Every entry that follows should be output exactly, and every image in it left out.
Segment Start: Records shown
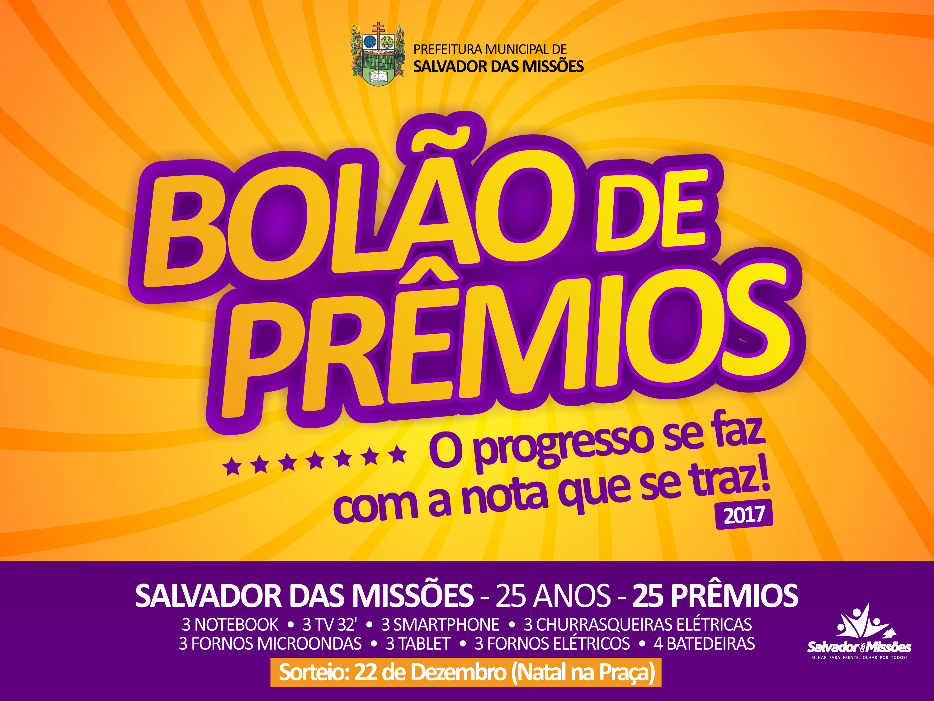 A Administração Municipal de Salvador das Missões lembra de que a campanha do Bolão de Prêmios 2017 - O progresso se faz com a nota que se traz – está chegando ao final. Em alusão ao 25º aniversário do Município, neste ano serão sorteados 25 prêmios. O programa tem por objetivo o combate à sonegação fiscal, através do incentivo à emissão de nota ou cupom fiscal e principalmente de aumentar a valorização do comércio local.
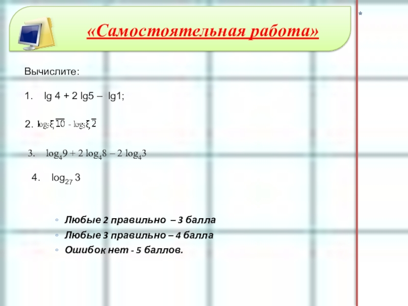5) log3 8,1 + log3 10.
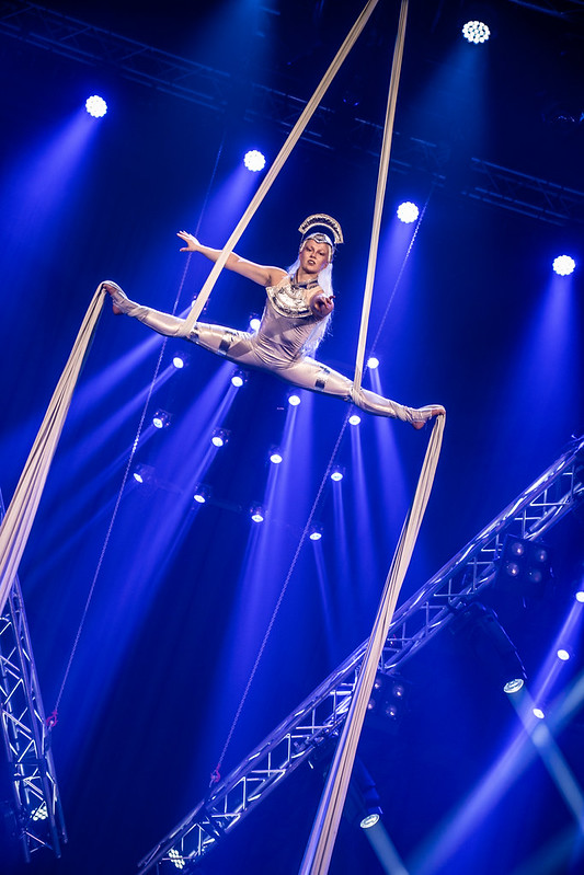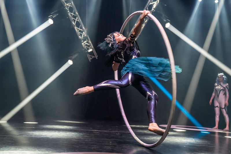 Keiloilla jonglöörataan suorastaan tanssillisesti. Oikeastaan tanssahtelu oli lisääntynyt muihinkin numeroihin sitten viimenäkemäni. Ja yksipyöräisiä sirkuspyöriä käytettiin muuhunkin kuin ajamiseen, pään päällä esimerkiksi.
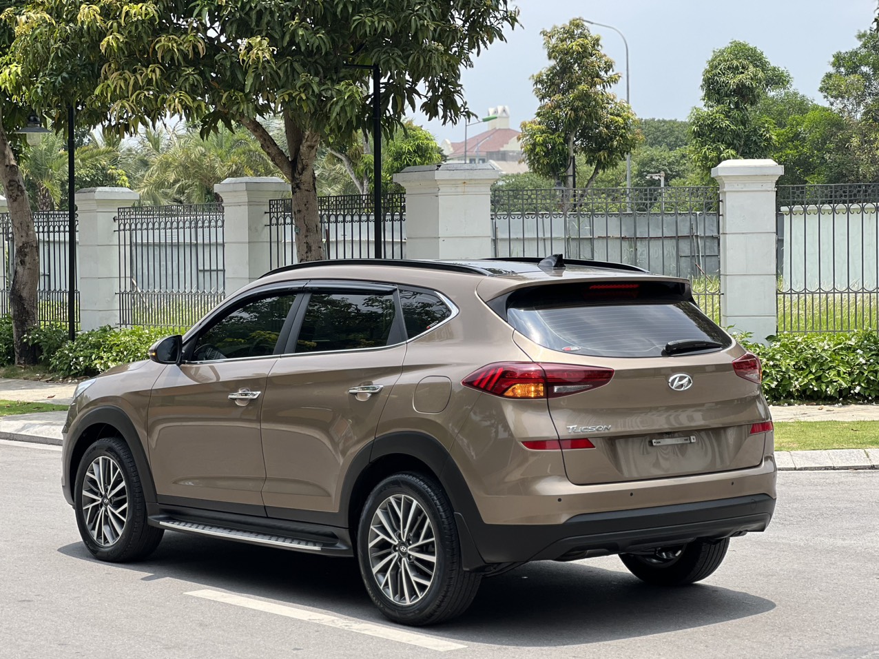 Hai bên hông xe, la-zăng của Hyundai Tucson 2019 được tái thiết kế dạng xoáy, có 3 kích thước lần lượt 17, 18 và 19-inch. Cụm đèn hậu phía sau có dải LED tương đồng với đèn pha phía trước. Phiên bản 1.6 Turbo trang bị thêm ống xả kép.
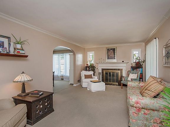 Charming Irvington home with lots of updates & abundant character! Custom stone walkway leads you to the covered front porch. The foyer leads you to the large living & dining rooms with crown molding & curved archways. Beautifully renovated kitchen features custom designed cabinets and eat-in breakfast nook. Both bedrooms feature hardwood floors and updated lighting. Two full bathrooms feature chic style. Finished basement has updated bath, huge family room, laundry & plenty of storage. Rare 2 car attached garage, storage barn, great lot with large patio & lovely white picket fence. Across from Ellenberger Park & walk to downtown Irvington. Don't let this gem slip away!
Segment End: Records shown
# Exercise output:
 A Administração Municipal de Salvador das Missões lembra de que a campanha do Bolão de Prêmios 2017 - O progresso se faz com a nota que se traz – está chegando ao final. Em alusão ao 25º aniversário do Município, neste ano serão sorteados 25 prêmios. O programa tem por objetivo o combate à sonegação fiscal, através do incentivo à emissão de nota ou cupom fiscal e principalmente de aumentar a valorização do comércio local.
5) log3 8,1 + log3 10.
 Keiloilla jonglöörataan suorastaan tanssillisesti. Oikeastaan tanssahtelu oli lisääntynyt muihinkin numeroihin sitten viimenäkemäni. Ja yksipyöräisiä sirkuspyöriä käytettiin muuhunkin kuin ajamiseen, pään päällä esimerkiksi.
 Hai bên hông xe, la-zăng của Hyundai Tucson 2019 được tái thiết kế dạng xoáy, có 3 kích thước lần lượt 17, 18 và 19-inch. Cụm đèn hậu phía sau có dải LED tương đồng với đèn pha phía trước. Phiên bản 1.6 Turbo trang bị thêm ống xả kép.
 Charming Irvington home with lots of updates & abundant character! Custom stone walkway leads you to the covered front porch. The foyer leads you to the large living & dining rooms with crown molding & curved archways. Beautifully renovated kitchen features custom designed cabinets and eat-in breakfast nook. Both bedrooms feature hardwood floors and updated lighting. Two full bathrooms feature chic style. Finished basement has updated bath, huge family room, laundry & plenty of storage. Rare 2 car attached garage, storage barn, great lot with large patio & lovely white picket fence. Across from Ellenberger Park & walk to downtown Irvington. Don't let this gem slip away!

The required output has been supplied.